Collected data
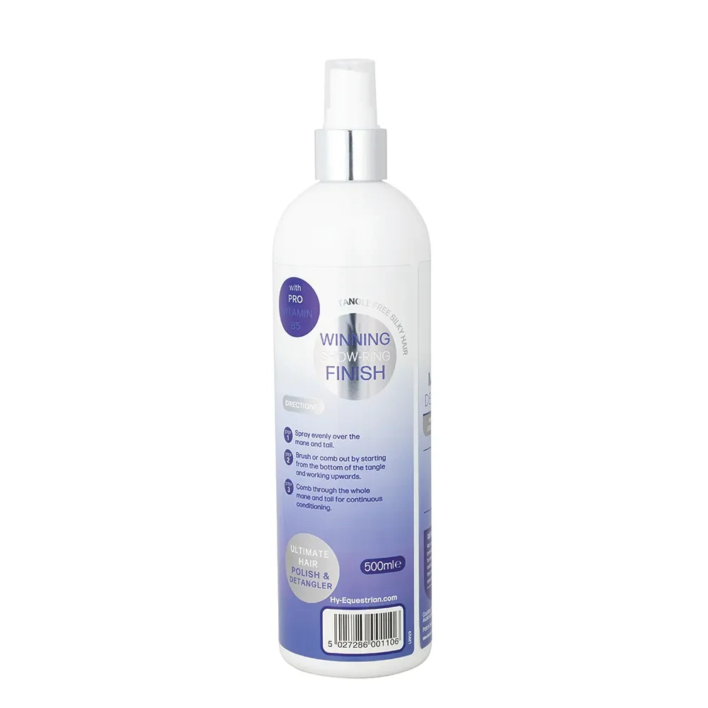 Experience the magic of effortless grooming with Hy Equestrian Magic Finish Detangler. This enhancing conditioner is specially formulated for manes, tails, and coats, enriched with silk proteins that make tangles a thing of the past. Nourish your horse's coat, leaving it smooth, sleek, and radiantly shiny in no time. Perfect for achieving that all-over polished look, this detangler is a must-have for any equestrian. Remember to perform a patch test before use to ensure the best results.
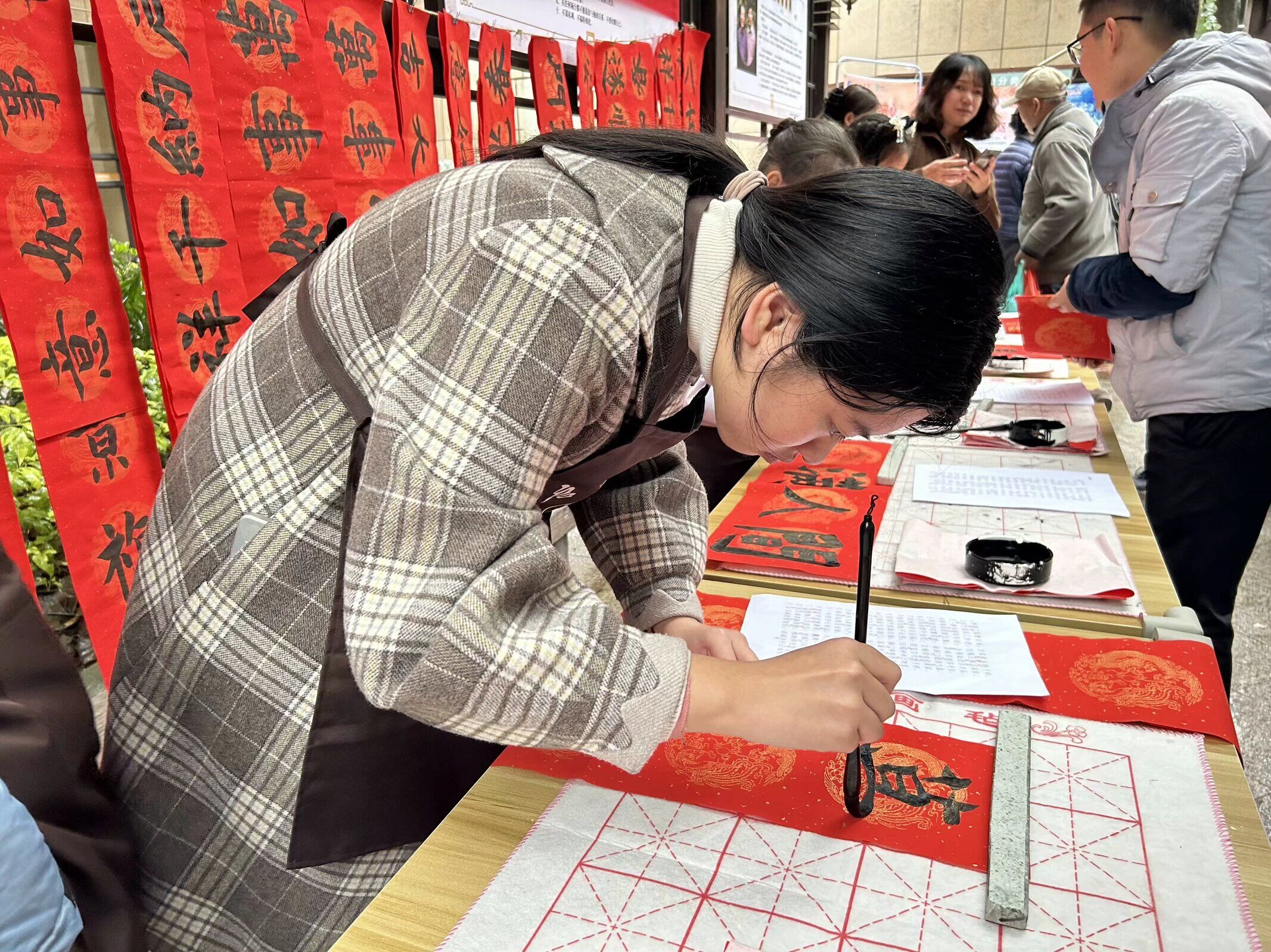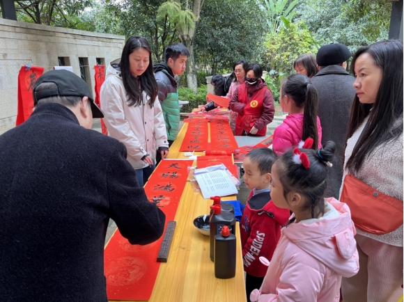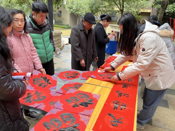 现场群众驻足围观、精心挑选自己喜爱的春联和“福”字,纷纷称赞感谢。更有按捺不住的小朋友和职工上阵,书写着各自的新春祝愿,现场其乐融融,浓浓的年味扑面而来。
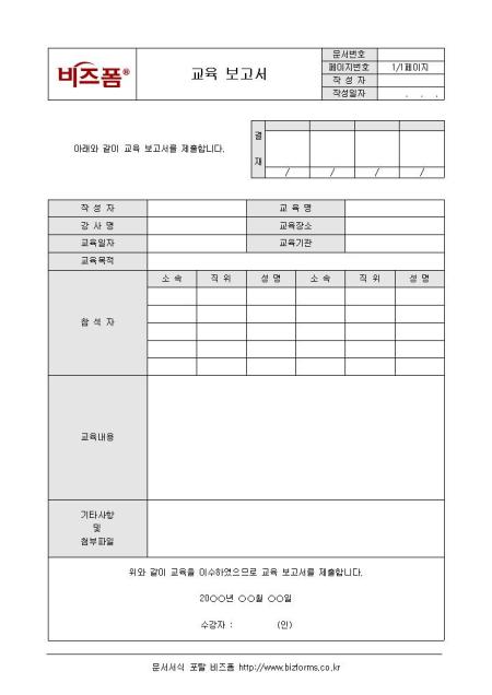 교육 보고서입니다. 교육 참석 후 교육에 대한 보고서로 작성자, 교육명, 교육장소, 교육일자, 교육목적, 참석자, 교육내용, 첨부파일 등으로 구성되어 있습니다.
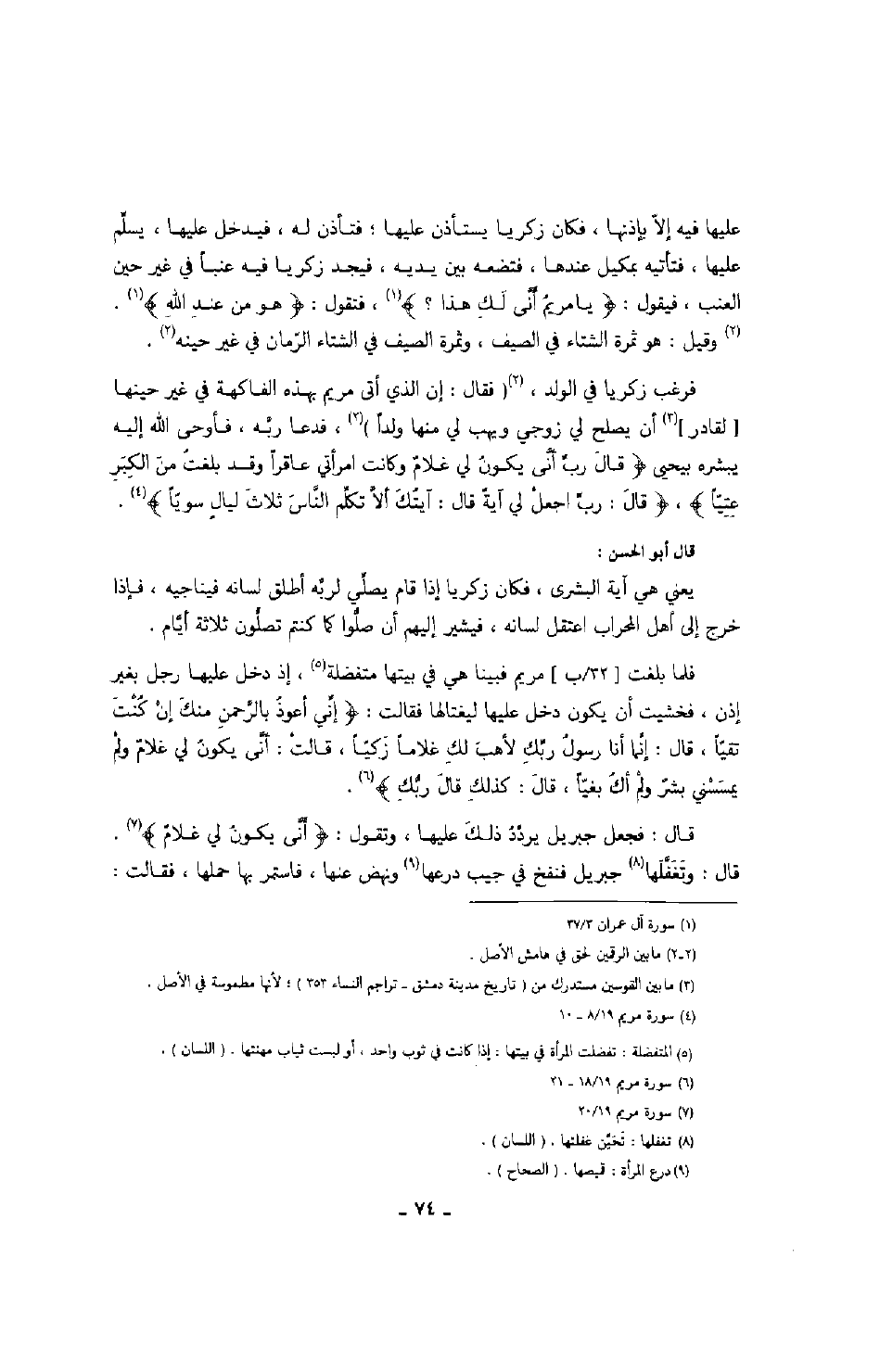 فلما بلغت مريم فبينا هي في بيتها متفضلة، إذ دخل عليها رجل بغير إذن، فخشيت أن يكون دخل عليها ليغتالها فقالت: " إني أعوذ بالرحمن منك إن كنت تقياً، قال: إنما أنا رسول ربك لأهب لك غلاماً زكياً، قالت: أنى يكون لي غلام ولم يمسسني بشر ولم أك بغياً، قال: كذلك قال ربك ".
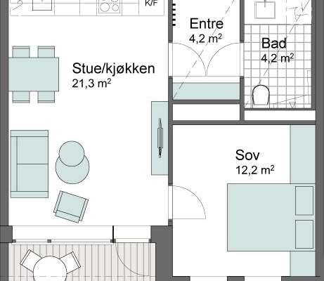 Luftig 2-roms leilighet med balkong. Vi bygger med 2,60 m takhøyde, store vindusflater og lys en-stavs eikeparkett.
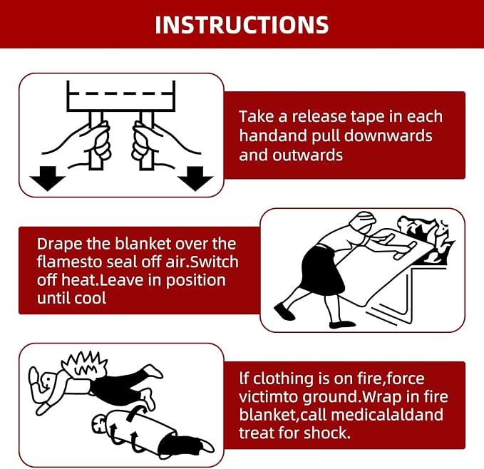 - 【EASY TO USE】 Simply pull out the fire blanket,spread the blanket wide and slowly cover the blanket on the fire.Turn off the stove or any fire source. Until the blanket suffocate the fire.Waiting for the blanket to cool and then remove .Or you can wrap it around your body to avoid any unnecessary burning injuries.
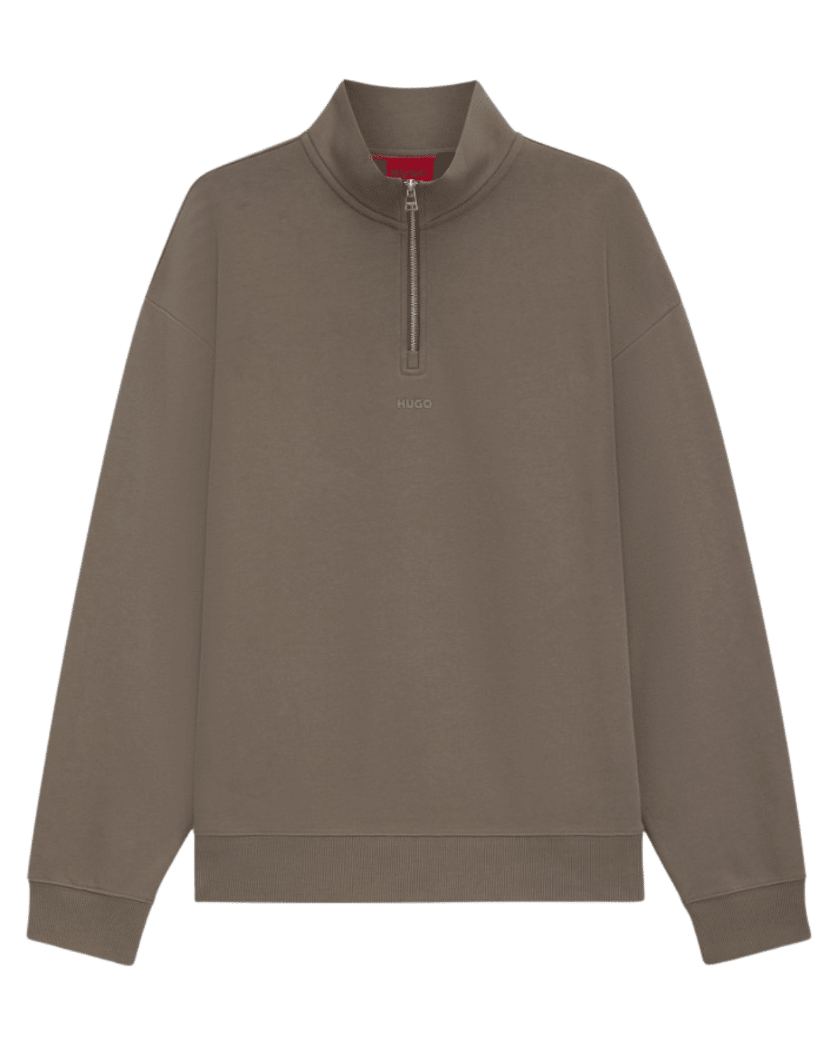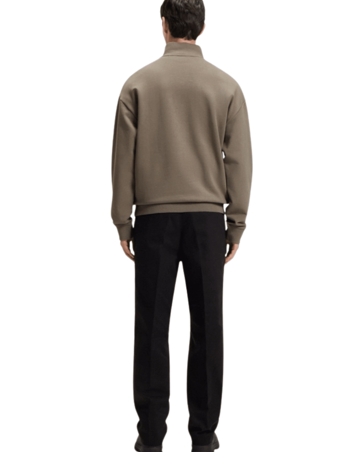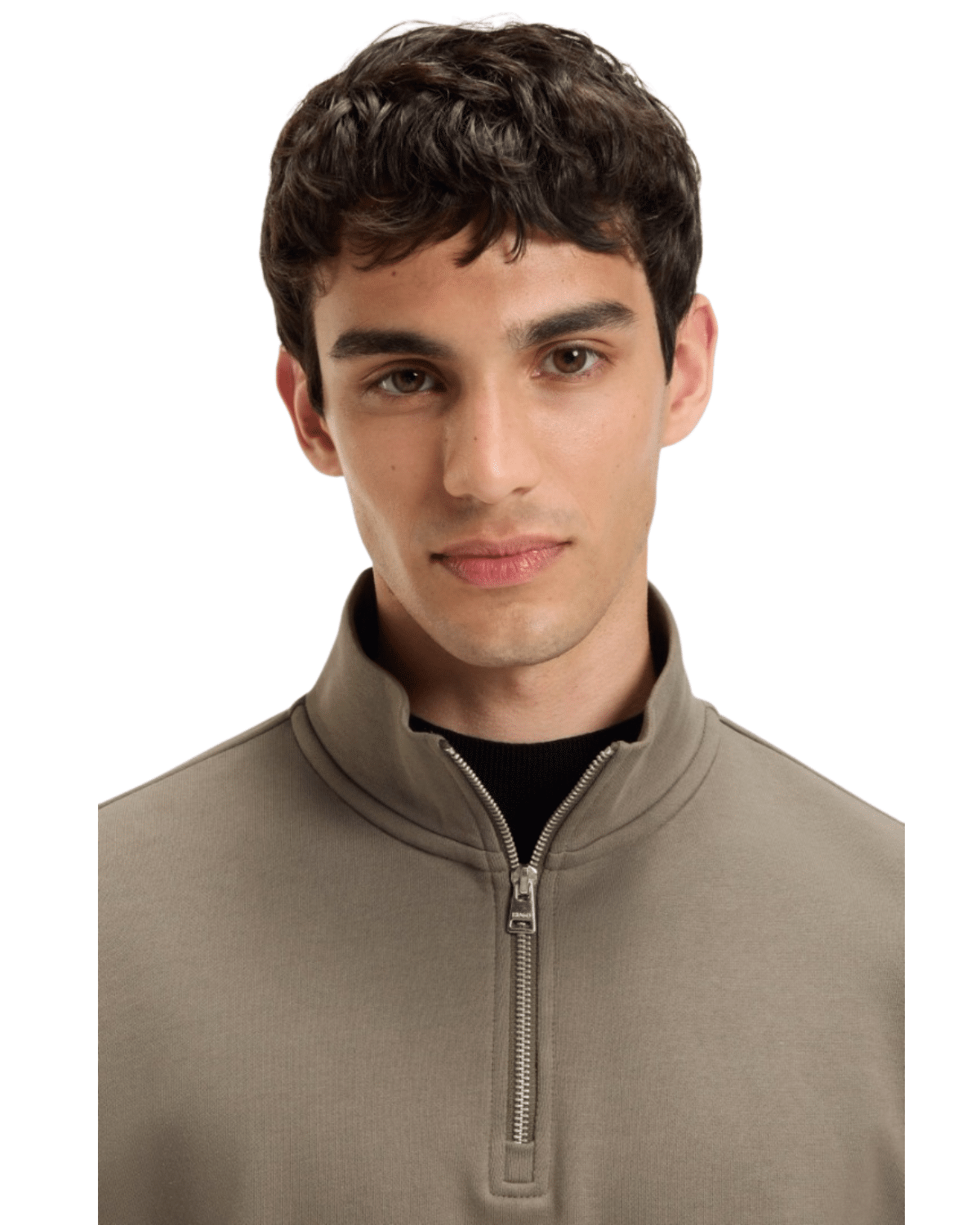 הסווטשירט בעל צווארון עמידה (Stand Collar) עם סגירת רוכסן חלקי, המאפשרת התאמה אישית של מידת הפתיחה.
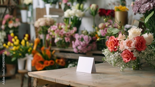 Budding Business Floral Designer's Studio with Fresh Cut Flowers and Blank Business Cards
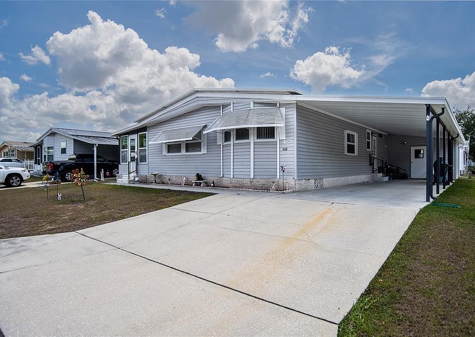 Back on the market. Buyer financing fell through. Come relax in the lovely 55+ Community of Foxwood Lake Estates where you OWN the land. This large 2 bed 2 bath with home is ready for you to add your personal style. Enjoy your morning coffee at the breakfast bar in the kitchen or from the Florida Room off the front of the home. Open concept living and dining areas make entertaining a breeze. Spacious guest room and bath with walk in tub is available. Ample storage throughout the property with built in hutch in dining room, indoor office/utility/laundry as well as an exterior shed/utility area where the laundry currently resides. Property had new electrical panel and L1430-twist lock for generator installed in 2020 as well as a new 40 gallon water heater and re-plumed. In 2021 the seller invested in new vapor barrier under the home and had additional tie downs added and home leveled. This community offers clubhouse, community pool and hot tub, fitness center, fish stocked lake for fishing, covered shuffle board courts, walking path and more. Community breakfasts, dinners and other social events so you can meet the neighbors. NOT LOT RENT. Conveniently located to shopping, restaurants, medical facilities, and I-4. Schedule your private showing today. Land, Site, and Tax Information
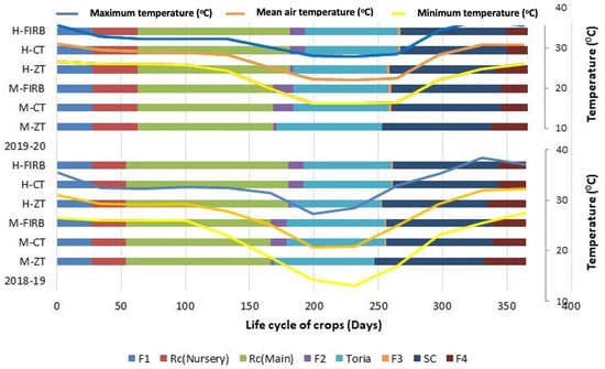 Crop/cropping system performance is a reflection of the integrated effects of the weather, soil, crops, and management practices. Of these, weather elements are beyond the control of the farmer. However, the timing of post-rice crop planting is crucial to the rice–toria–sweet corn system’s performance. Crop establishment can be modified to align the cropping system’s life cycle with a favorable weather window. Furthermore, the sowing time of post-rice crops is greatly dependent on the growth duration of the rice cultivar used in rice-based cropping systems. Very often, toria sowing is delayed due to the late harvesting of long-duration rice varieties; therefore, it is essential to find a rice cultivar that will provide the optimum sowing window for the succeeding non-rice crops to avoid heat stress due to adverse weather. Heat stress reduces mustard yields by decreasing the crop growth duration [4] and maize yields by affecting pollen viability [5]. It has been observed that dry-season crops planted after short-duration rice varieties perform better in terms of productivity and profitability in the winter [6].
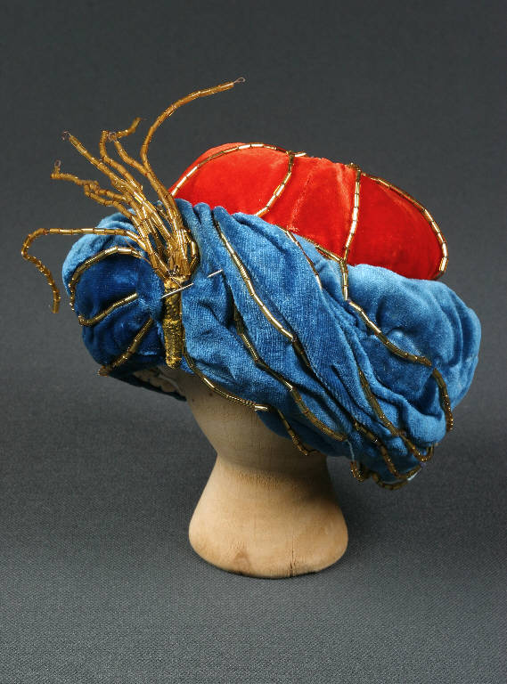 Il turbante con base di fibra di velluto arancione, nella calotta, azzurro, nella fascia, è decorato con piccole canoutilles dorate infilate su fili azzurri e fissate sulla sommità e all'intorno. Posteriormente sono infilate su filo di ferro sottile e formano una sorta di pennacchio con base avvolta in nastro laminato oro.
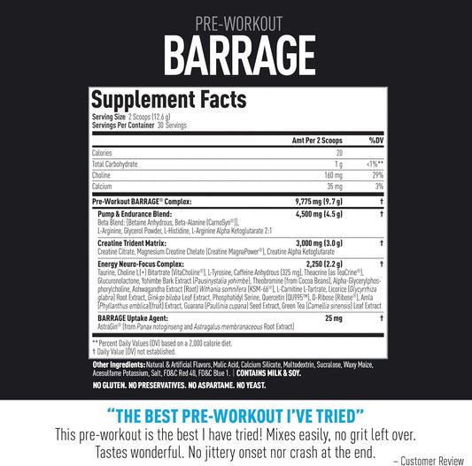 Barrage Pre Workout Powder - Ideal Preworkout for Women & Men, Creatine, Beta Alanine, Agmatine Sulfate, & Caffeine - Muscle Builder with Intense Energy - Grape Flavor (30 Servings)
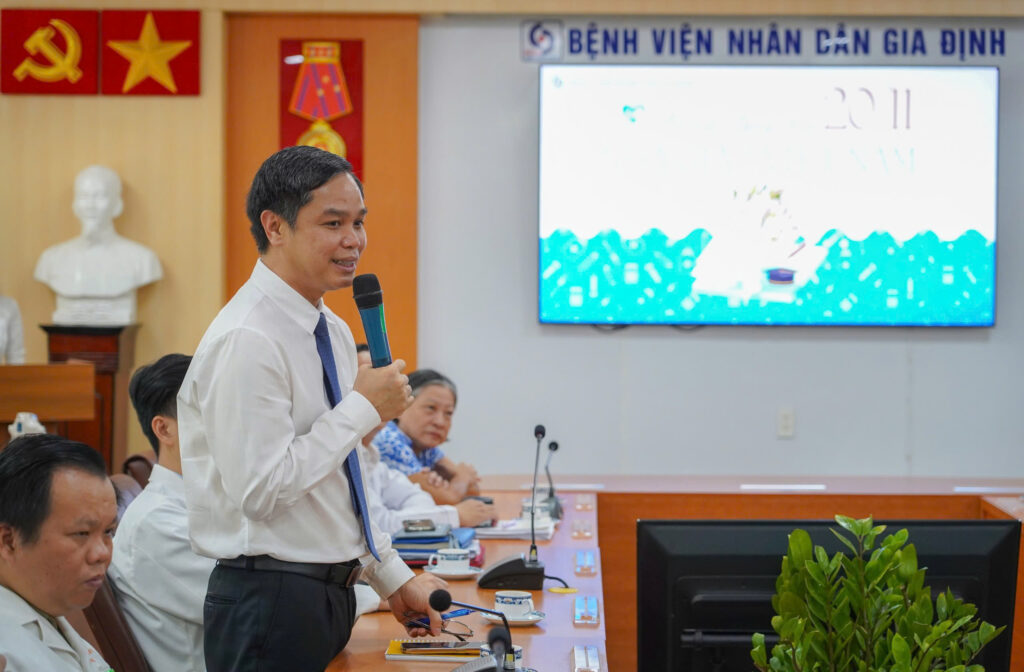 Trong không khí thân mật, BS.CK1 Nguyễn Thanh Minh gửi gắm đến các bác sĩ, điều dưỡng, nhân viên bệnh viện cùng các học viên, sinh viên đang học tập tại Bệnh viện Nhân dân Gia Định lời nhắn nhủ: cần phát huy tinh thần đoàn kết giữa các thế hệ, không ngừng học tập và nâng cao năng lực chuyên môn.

◆ **Task details**: In the data above, retype only the stretch from the line with "现场群众驻足围观、精心挑选自" through the line with "Budding Business Floral", word for word, and skip any pictures.

◆ **Expected answer**:
 现场群众驻足围观、精心挑选自己喜爱的春联和“福”字,纷纷称赞感谢。更有按捺不住的小朋友和职工上阵,书写着各自的新春祝愿,现场其乐融融,浓浓的年味扑面而来。
 교육 보고서입니다. 교육 참석 후 교육에 대한 보고서로 작성자, 교육명, 교육장소, 교육일자, 교육목적, 참석자, 교육내용, 첨부파일 등으로 구성되어 있습니다.
 فلما بلغت مريم فبينا هي في بيتها متفضلة، إذ دخل عليها رجل بغير إذن، فخشيت أن يكون دخل عليها ليغتالها فقالت: " إني أعوذ بالرحمن منك إن كنت تقياً، قال: إنما أنا رسول ربك لأهب لك غلاماً زكياً، قالت: أنى يكون لي غلام ولم يمسسني بشر ولم أك بغياً، قال: كذلك قال ربك ".
 Luftig 2-roms leilighet med balkong. Vi bygger med 2,60 m takhøyde, store vindusflater og lys en-stavs eikeparkett.
 - 【EASY TO USE】 Simply pull out the fire blanket,spread the blanket wide and slowly cover the blanket on the fire.Turn off the stove or any fire source. Until the blanket suffocate the fire.Waiting for the blanket to cool and then remove .Or you can wrap it around your body to avoid any unnecessary burning injuries.
 הסווטשירט בעל צווארון עמידה (Stand Collar) עם סגירת רוכסן חלקי, המאפשרת התאמה אישית של מידת הפתיחה.
 Budding Business Floral Designer's Studio with Fresh Cut Flowers and Blank Business Cards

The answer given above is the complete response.